- Dataset excerpt -
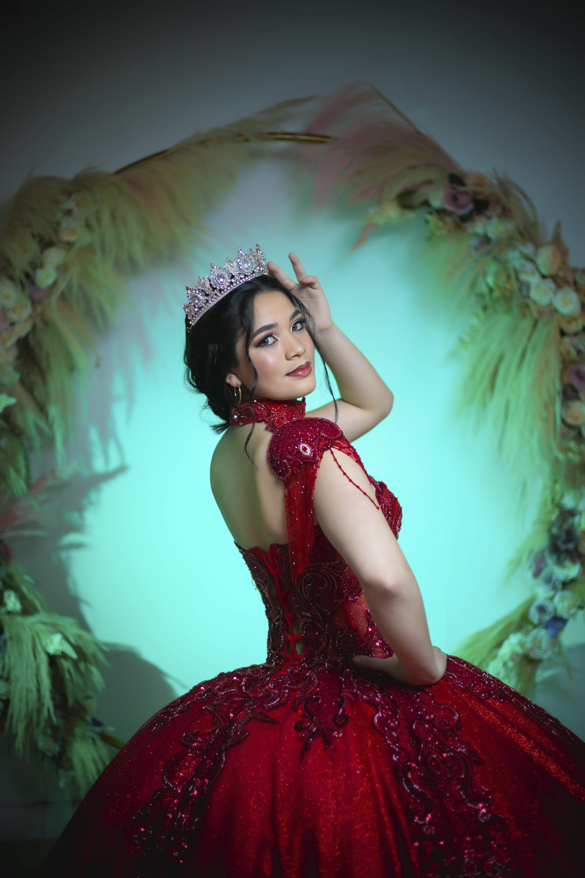 Vestido en color rojo colorado, con pechera en transparencia y guipur de full pedrería rojo, acompañado de full pedrería fina roja. En la espalda es corset para mayor ajuste al cuerpo, acompañado de un bustier copa normal con transparencia. Tiene adorno de hombrera de un solo brazo con chorreras de pedrería roja y junto a ello un collarín de modelo chocket adornado de más pedrería roja. La falda en color rojo colorado, elaborada en tul nieve y adornado con guipur de pedrería rojo y una cuña de 1.5 m de largo.
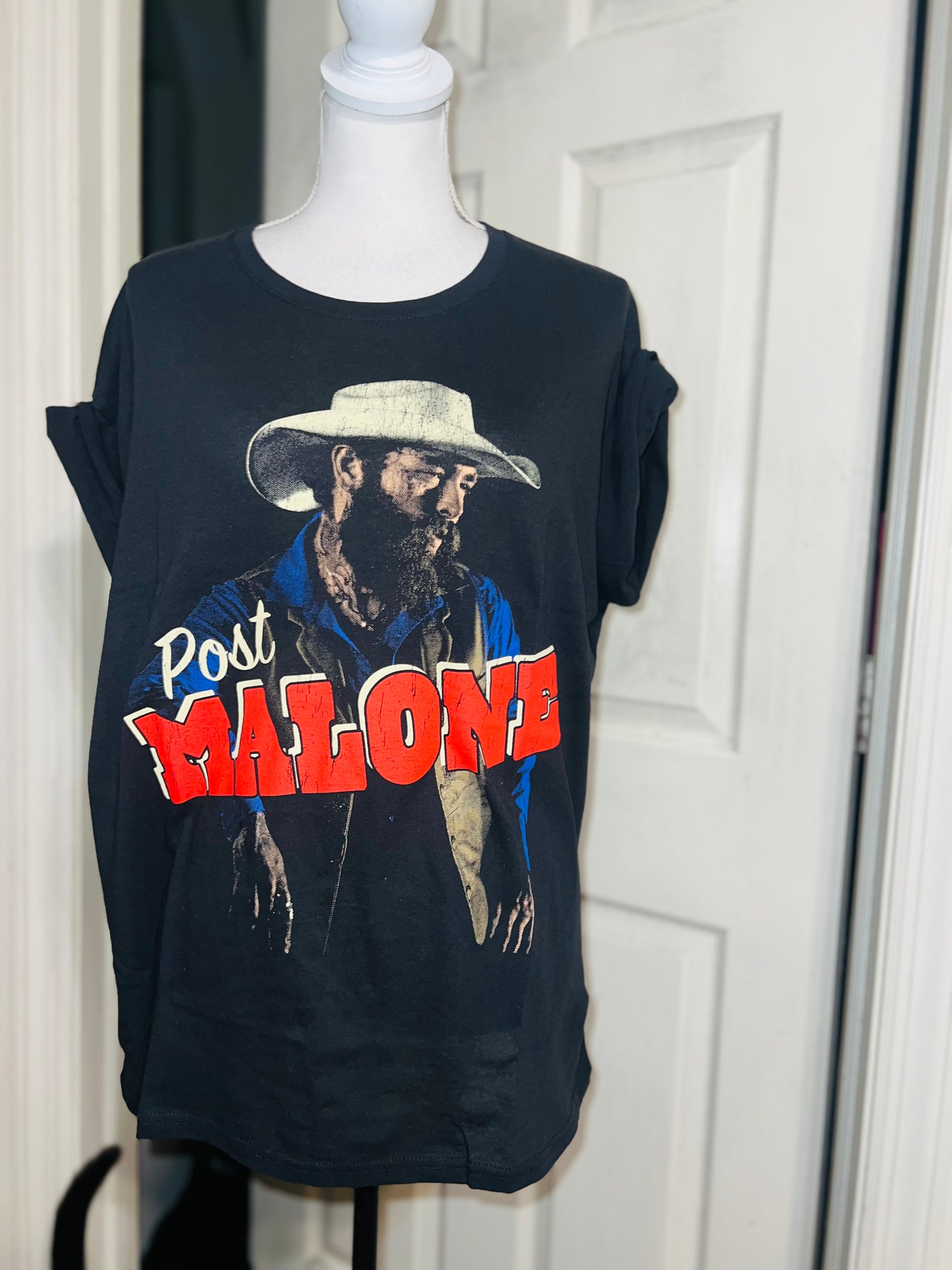 A black Post Malone tee with Posty on the front. Super soft and comfy material. Size XL, oversized but not super long.
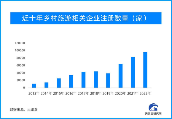 据文化和旅游部数据显示,疫情发生前的2019年,我国乡村旅游接待人次达到30.9亿,占国内旅游人次的一半。另据天眼查的数据显示,截至今年3月,我国乡村旅游相关企业已经超过50.6万家,其中2022年新增注册企业达到9.6万余家,增速高达24.8%。这一数据充分表明,越来越多的企业开始看好乡村旅游产业。
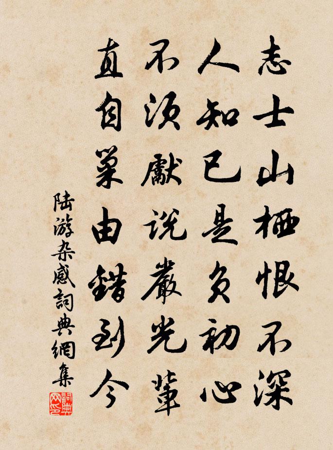 詩詞名句歷史字典書法欣賞書法字典國語詞典說文解字康熙字典古漢語字典標 題 作 者 詩 句 雜感作者:陸游 朝代:宋代雜感原文志士山棲恨不深,人知已是負初心。不須先說嚴光輩,直自巢由錯到今。詩詞問答問:雜感的作者是誰?答:陸游問:雜感寫於哪個朝代?答:宋代問:陸游的名句有哪些?答:陸游名句大全陸游雜感書法欣賞雜感書法作品詩詞推薦顏杲卿徐鈞〔宋代〕一曲霓裳失太平,漁陽鼙鼓暗風塵。君王只識楊丞相,不識平原老守臣。西省荼蘼架上殘雪可愛紅呈諸友人林一龍〔宋代〕酴醾花底當年事,夜雪模糊照石闌。北省今朝枝上雪,還揩病眼作花看。江西李君千能能和墨及畫梅艮齋許以三奇而詩樓鑰〔宋代〕遊藝無小大,要皆知本原。後人率意作,終當愧前賢。老潘妙對膠,法從玉局傳。或假季心名,空掃千鐙煙。補之別洞庭維諒上人皎然〔唐代〕白雲關我不關他,此物留君情最多。情著春風生橘樹,歸心不怕洞庭波。夏日草堂作齊己〔唐代〕沙泉帶草堂,紙帳卷空床。靜是真訊息,吟非俗肺腸。園林坐清影,梅杏嚼紅香。誰住原西寺,鐘聲送夕陽。戊早年七夕五絕張秉〔宋代〕紅渠爛熳碧池香,羅綺三千侍漢皇。阿母暫來成底事,茂陵宮桂已蒼蒼。和公辟轉運江西王安石〔宋代〕江西一節鑄黃金,最慰章濱父老心。長孺向來真強予,次公今不異重臨。餘風尚有歡謠在,陳跡非無勝事尋。豫想青溪王維〔唐代〕〔一作過青溪水作〕言入黃花川。每逐青溪水。隨山將萬轉。趣途無百里。聲喧亂石中。色靜深松里。漾(一作演送顏□之清漳六言三首劉克莊〔宋代〕昔有華陽真逸,今惟員嶠老仙。懸弧小余□歲,拈花先我兩年。一鷺先立池中,有雙鷺自外來。先立者逐之,楊萬里〔宋代〕鷺鶿各自有食邑,長恐諸侯客子來。一鷺忽追雙鷺去,窮追盡處始飛回。寄遠人杜牧〔唐代〕終日求人卜,回回道好音。那時離別後,入夢到如今。齊安食蔞蒿根菊茁張耒〔宋代〕故園蔬甲又逢春,想見雕盤巧斗新。強掘蔞根盤郁屈,故挑菊茁嚼芳辛。春來小疾妨杯切,老去懷鄉役夢頻。堪笑用前韻酬魏倅王炎〔宋代〕手把一麾來霅水,身似痿人方暫起。此行本為貧所驅,非戀吳中風土美。浩蕩煙波隔白鷗,間關道路勞黃耳。幸而元夕留城外袁甫〔宋代〕三市香塵隘綺羅,遊人無奈月明何。吾儂分得寬間外,地闊天高得月多。贊此庵元和尚二首釋曇華〔宋代〕佛祖生冤家,人天不喜見。忒殺聱頭,卻通一線。劈胸拳下破牢關,大用機輪轆轆轉。再和張秋山杭州孤山二首何夢桂〔宋代〕歌舞錢塘厭說兵,悠悠往事竟何成。錢鏐鐵箭千年在,伍子鴟夷一死輕。湖上園亭春代謝,江頭潮汐月虧盈。相逢句陳堯佐〔宋代〕相逢吟未足。答林康民見和梅花詩洪邁〔宋代〕寒崦人家碧豀尾,一樹江梅臥清泚。仙姿態不受白眼污,風斂天香瘴煙里。向來休沐偶無事,惟我亦遊藝機二三子送和北虜使馬戴〔唐代〕路始陰山北,迢迢雨雪天。長城人過少,沙磧馬難前。日入流沙際,陰生瀚海邊。刀環向月動,旌纛冒霜懸。逐獸高宗郊祀前廟朝享太廟三十首真宗〔宋代〕昭哉皇祖,源深流長。雕戈圭瓚,休有烈光。天祐潛德,繼世其昌。永懷積累,嘉訝令芳。名句推薦黃河萬里觸山動,盤渦轂轉秦地雷。李白《西嶽雲台歌送丹丘子》 金剛則折,革剛則裂。劉向《說苑·敬慎》 獨倚危欄,神遊無際,天地猶嫌隘。朱栴《念奴嬌·雪霽夜月中登樓望賀蘭山作》 鷺窺蘆箔水,鳥啄紙錢風。范成大《寒食郊行書事》 誰料同心結不成,翻就相思結。夏完淳《卜運算元·秋色到空閨》 舊苑荒台楊柳新,菱歌清唱不勝春。李白《蘇台覽古》 上交不諂,下交不瀆佚名《易傳·繫辭傳下·第五章》 秋晚蓴鱸江上,夜深兒女燈前。辛棄疾《木蘭花慢·滁州送范倅》 北山白雲里,隱者自怡悅孟浩然《秋登萬山寄張五/九月九日峴山寄張子容》 塞花飄客淚,邊柳掛鄉愁。岑參《武威春暮聞宇文判官西使還已到晉昌》

- Task to carry out -
Reproduce the data above exactly, but only from the line containing "A black Post" through the line containing "据文化和旅游部数据显示,疫情". Omit all pictures.

- Answer below -
 A black Post Malone tee with Posty on the front. Super soft and comfy material. Size XL, oversized but not super long.
 据文化和旅游部数据显示,疫情发生前的2019年,我国乡村旅游接待人次达到30.9亿,占国内旅游人次的一半。另据天眼查的数据显示,截至今年3月,我国乡村旅游相关企业已经超过50.6万家,其中2022年新增注册企业达到9.6万余家,增速高达24.8%。这一数据充分表明,越来越多的企业开始看好乡村旅游产业。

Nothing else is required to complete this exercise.